__SUPPLIED INFORMATION__.

------------------------------------------------

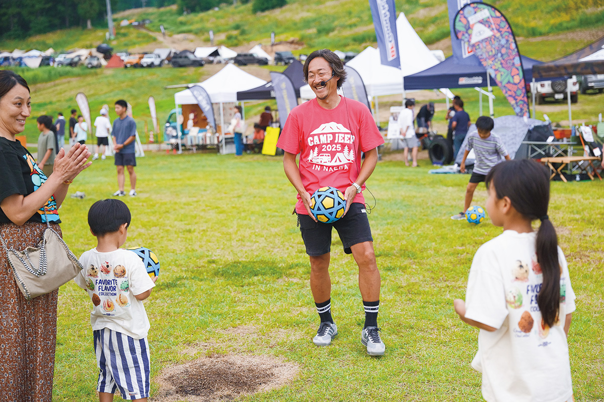 Jeepオーナーだけが参加できる「Jeepラウンジ」。アロマ体験ワークショップやオーナー集合写真、サッカー元日本代表の石川直宏さんによるオリジナルサッカーボールつくりなど、特別プログラムを開催。全国を横断中の「ピンクラングラー」(1枚目の写真)もイベント参加。
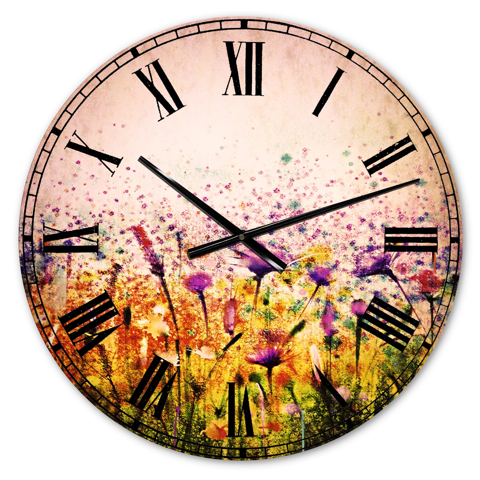 Designart 'Abstract Cosmos of Colorful Flowers' Flower Large Wall CLock
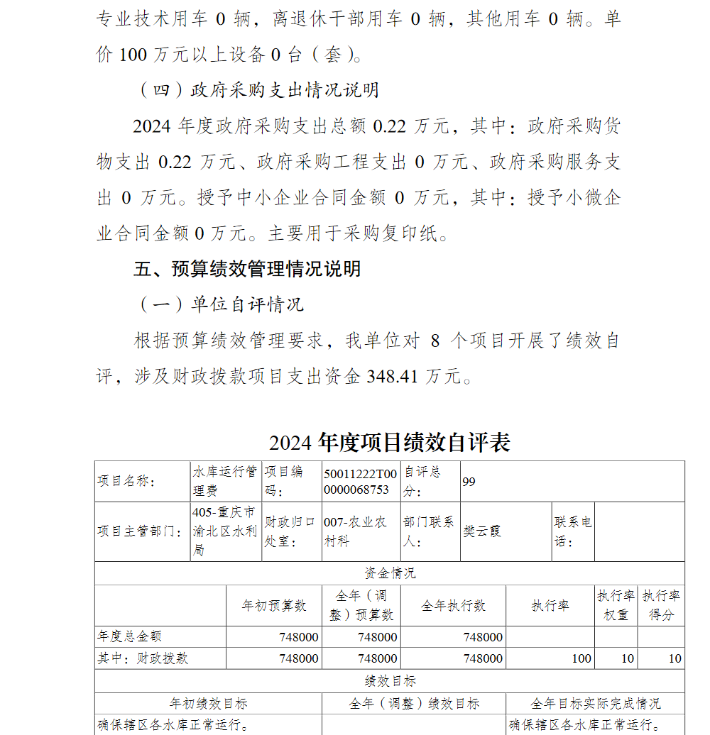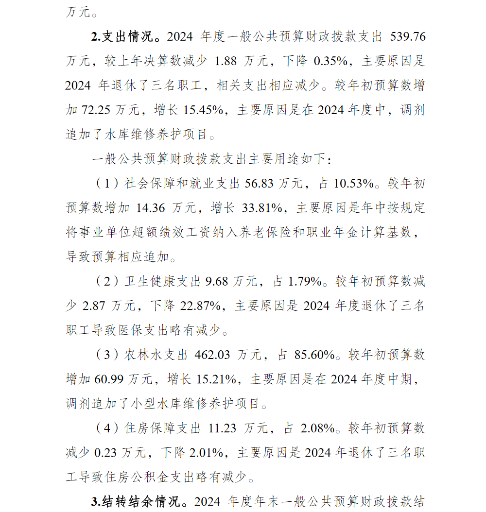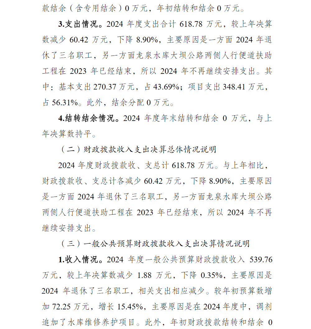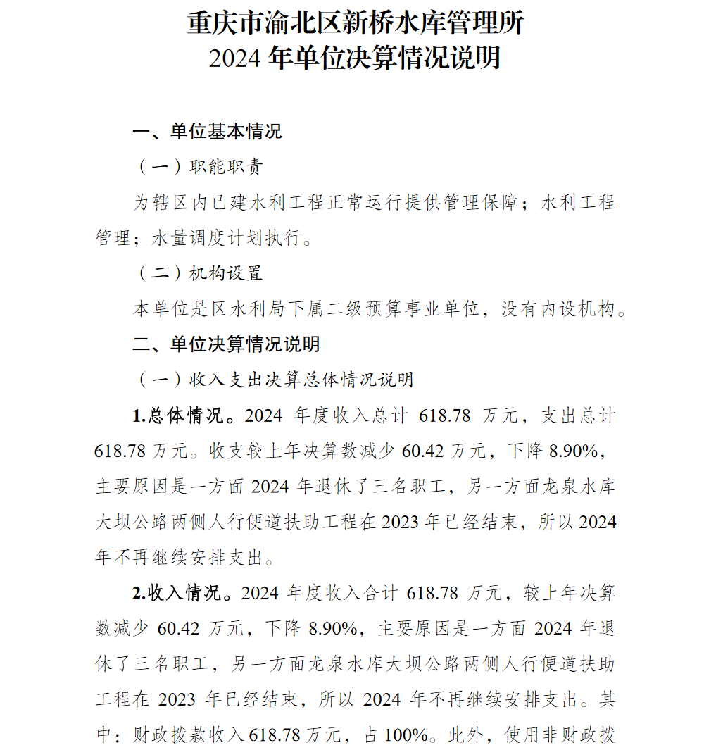 重庆市渝北区新桥水库管理所2024年单位决算情况说明

------------------------------------------------

__WORK ITEM__. Make an exact copy of the listing, with no images in it.

__SOLUTION TO THIS EXERCISE__.
 Jeepオーナーだけが参加できる「Jeepラウンジ」。アロマ体験ワークショップやオーナー集合写真、サッカー元日本代表の石川直宏さんによるオリジナルサッカーボールつくりなど、特別プログラムを開催。全国を横断中の「ピンクラングラー」(1枚目の写真)もイベント参加。
 Designart 'Abstract Cosmos of Colorful Flowers' Flower Large Wall CLock
 重庆市渝北区新桥水库管理所2024年单位决算情况说明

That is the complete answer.